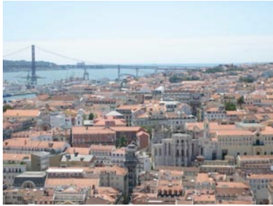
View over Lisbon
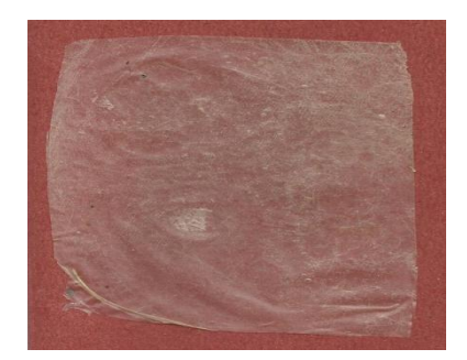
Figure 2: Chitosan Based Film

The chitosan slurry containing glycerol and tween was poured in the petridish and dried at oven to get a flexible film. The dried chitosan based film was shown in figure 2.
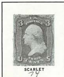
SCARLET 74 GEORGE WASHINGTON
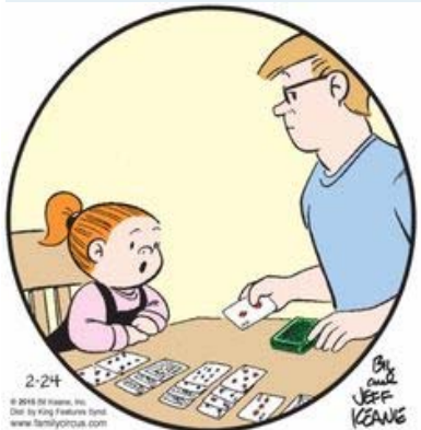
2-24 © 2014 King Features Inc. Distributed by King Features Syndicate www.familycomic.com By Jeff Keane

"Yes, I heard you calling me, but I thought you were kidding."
--------------------------------------------------
## Work instructions:
From the material above, copy everything exactly but the pictures.

## Solution to the exercise:
View over Lisbon
Figure 2: Chitosan Based Film

The chitosan slurry containing glycerol and tween was poured in the petridish and dried at oven to get a flexible film. The dried chitosan based film was shown in figure 2.
SCARLET 74 GEORGE WASHINGTON
2-24 © 2014 King Features Inc. Distributed by King Features Syndicate www.familycomic.com By Jeff Keane

"Yes, I heard you calling me, but I thought you were kidding."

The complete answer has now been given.